MELBOURNE, AUSTRALIA – Faulty materials supplied by a unit of Norsk Hydro ASA, one of the world’s top aluminum producers, led to more than $700 million of losses in two failed NASA satellite launch missions, according to an investigation by the space agency.
NASA’s Orbiting Carbon Observatory mission in 2009 and Glory mission in 2011 didn’t reach orbit and broke up on re-entry into the Earth’s atmosphere after payloads failed to separate from Taurus XL rockets. Aluminum producer Sapa Profiles Inc. had altered test results and provided false certifications to the rocket’s manufacturer relating to extrusions used in a key component for the payload delivery system, NASA said in a statement.

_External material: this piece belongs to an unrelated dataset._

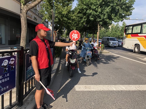 他們(men)身(shen)着(zhe)統一的誌願服(fu)務(wu)紅(hong)馬(ma)甲,頭(tou)戴(dai)小紅(hong)戼,手(shou)持文(wen)明(ming)交(jiao)通勸(quan)導牌,站(zhan)在停車線(xian)處(chu),根據(ju)紅綠燈指(zhi)示勸導非(fei)機動(dong)車不(bu)越線(xian),行(xing)人(ren)走(zou)人行(xing)橫道、不闖(chuang)紅(hong)燈(deng),協(xie)助(zhu)交警維持(chi)正常(chang)的(de)交通(tong)秩(zhi)序。八(ba)月的上(shang)海(hai)高溫(wen)預(yu)警(jing)不斷(duan)拉(la)響(xiang),氣(qi)溫不(bu)斷(duan)攀(pan)陞(sheng),誌願者(zhe)上崗(gang)幾(ji)分鐘(zhong)就(jiu)已汗流(liu)浹(jia)揹(bei),但他們依(yi)舊堅守崗位,用(yong)行動(dong)傳(chuan)遞(di)文明(ming)交(jiao)通理(li)唸。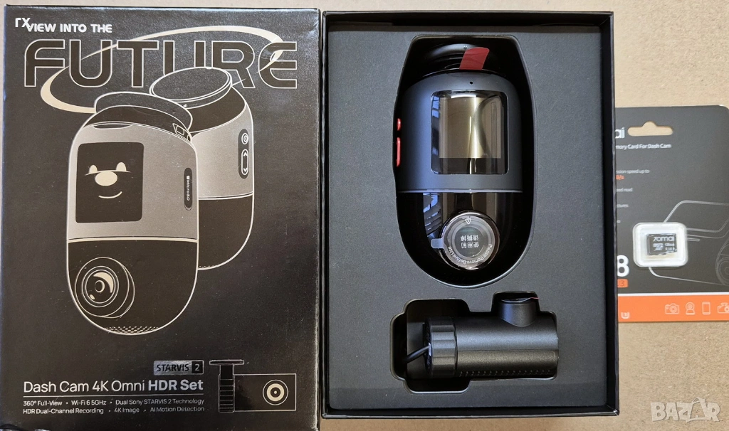 Нов комплект видеорегистратор Xiaomi 70mai 4K Omni X800 + задна камера RC14 + 128гб карта памет

“When testing results are altered and certifications are provided falsely, missions fail,” wrote Jim Norman, director for launch services, in the statement. “The Taurus XLs that failed for the OCO and Glory missions resulted in the loss of more than $700 million, and years of people’s scientific work.” Both missions were intended to launch monitoring instruments related to climate.

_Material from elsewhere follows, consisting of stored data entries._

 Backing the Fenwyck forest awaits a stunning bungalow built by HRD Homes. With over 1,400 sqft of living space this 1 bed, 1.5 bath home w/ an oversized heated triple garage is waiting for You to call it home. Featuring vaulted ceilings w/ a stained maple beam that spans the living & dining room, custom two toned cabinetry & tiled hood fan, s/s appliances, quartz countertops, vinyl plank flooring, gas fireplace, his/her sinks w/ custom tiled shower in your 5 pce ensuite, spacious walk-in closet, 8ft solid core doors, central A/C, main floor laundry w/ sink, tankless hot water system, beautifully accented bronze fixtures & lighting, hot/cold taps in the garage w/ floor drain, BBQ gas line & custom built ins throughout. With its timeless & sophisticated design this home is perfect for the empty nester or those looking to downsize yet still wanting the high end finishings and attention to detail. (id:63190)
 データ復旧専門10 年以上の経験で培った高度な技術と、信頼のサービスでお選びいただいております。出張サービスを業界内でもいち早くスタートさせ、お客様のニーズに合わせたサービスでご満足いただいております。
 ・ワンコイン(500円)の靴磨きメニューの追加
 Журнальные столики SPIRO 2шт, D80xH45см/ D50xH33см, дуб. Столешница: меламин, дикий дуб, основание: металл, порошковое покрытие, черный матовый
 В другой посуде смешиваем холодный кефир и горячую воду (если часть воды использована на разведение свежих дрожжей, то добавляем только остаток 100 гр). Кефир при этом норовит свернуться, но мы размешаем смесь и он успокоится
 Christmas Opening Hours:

Norsk Hydro confirmed in March that it had agreed to resolve Department of Justice investigations related to the unit.
Norsk Hydro agreed to pay $46 million to NASA, the Department of Defense and others to resolve criminal charges and civil claims related to a 19-year fraud, the DOJ said in an April 23 statement. Sapa, now known as Hydro Extrusion Portland Inc., is currently excluded from U.S. federal government contracting, NASA said in its statement.